Q24 of 32 · Behavioural

Describe a difficult production incident you investigated. What was your role?

BehaviouralSeniorbehaviouralincidentinvestigationproductionstarsenior

Short answer

Short answer: Walk through the timeline in real time — what you did at each step, how you coordinated, what was unclear, and what you eventually pinned it on. Show calm under uncertainty and honest follow-through after the fire was out.

Detail

Incidents are crucible-moments. The interviewer wants to see how you behave when the system is on fire and the answer isn't obvious.

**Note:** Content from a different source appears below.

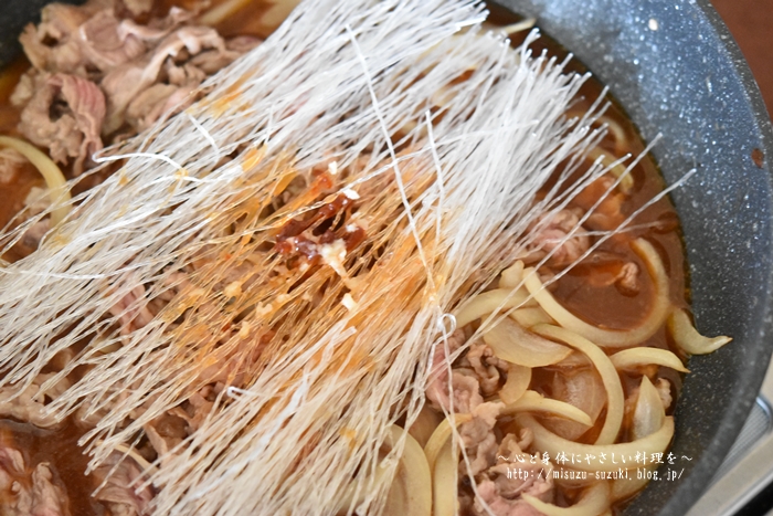 後は調味料と春雨を加えて煮込むだけ。
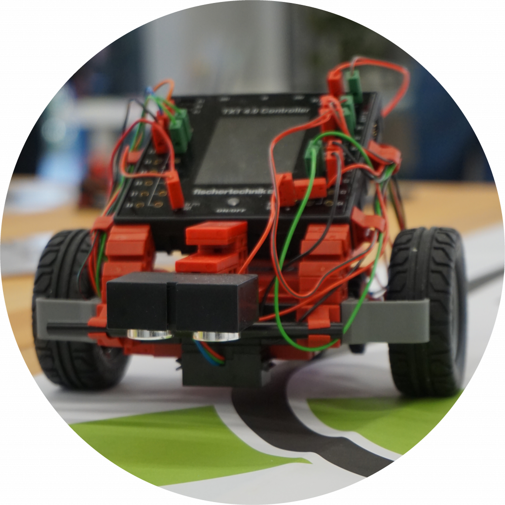 Am Ende des Kurses hat jedes Team einen Fischertechnik-Roboter selbst gebaut und verfügt über grundlegende Kenntnisse im Programmieren mit ROBO Pro Coding.

STAR walkthrough — sample answer:

Situation: A previous platform I worked on had a 90-minute outage of a customer-facing search feature. Symptom: searches were returning empty for some users while other users got results. The first reports came in via support; the team's monitoring hadn't fired because aggregate search-API success rate looked normal.

Task: I was the on-call QA lead for the area. I joined the incident channel within 5 minutes of the page going up.

Action: Real-time walkthrough:

0-15 min — establish what's happening. The on-call engineer was looking at the search service logs; nothing obvious. I started reproducing from the user side — used three test accounts to query, found the bug repro'd intermittently. Critical data point: the failures correlated with users on a specific data-residency region.

15-30 min — narrow the failure pattern. I checked the user accounts that had reported issues — all in the same region. Searched recent deploys: a config change to the regional routing layer had gone out 2 hours before. I shared this in the channel and tagged the engineer who'd shipped that change.

30-45 min — confirm the cause. The engineer pulled up the change. The new config had a subtle bug: routing rules were case-sensitive on a header value that was mixed-case in some clients. About 30% of users in that region were hitting the broken path. The engineer initiated a rollback.

45-60 min — verify recovery. I monitored from the user side as rollback rolled out — re-ran my test queries every minute, watched the regional success rate climb. Cleared the all-clear once five consecutive minutes were green.

60-90 min — communications and write-up. Helped the on-call engineer draft the customer comms. After the comms went out, started the post-incident document with timeline, root cause, what worked, what didn't.

Result: Outage was resolved in 60 minutes for the affected user segment. The post-incident doc led to two changes: monitoring at the regional cohort level (not just aggregate, which had hidden the failure), and a CI check that caught case-sensitivity bugs in routing config. I drove both follow-ups over the next two weeks.

What I learned: incidents are won by narrowing fast, not by being right immediately. The early reproduce-from-the-user-side move was disproportionately valuable — it told us what aggregate metrics were missing. After that, the cause was findable.

Why this works: detailed timeline, named the candidate's specific contributions (regional pattern recognition, user-side repro, post-incident follow-through), and shows incident behaviours that translate to other situations.

// WHAT INTERVIEWERS LOOK FOR

Calm under uncertainty, narrowing the problem fast, clear contribution to coordination, and post-incident follow-through. Bonus signal: catching the gap monitoring had missed and driving the structural fix.

// COMMON PITFALL

Hero narratives where the candidate single-handedly found the bug. Interviewers know real incidents are team efforts; the strong answer credits the team and shows your specific contribution within it.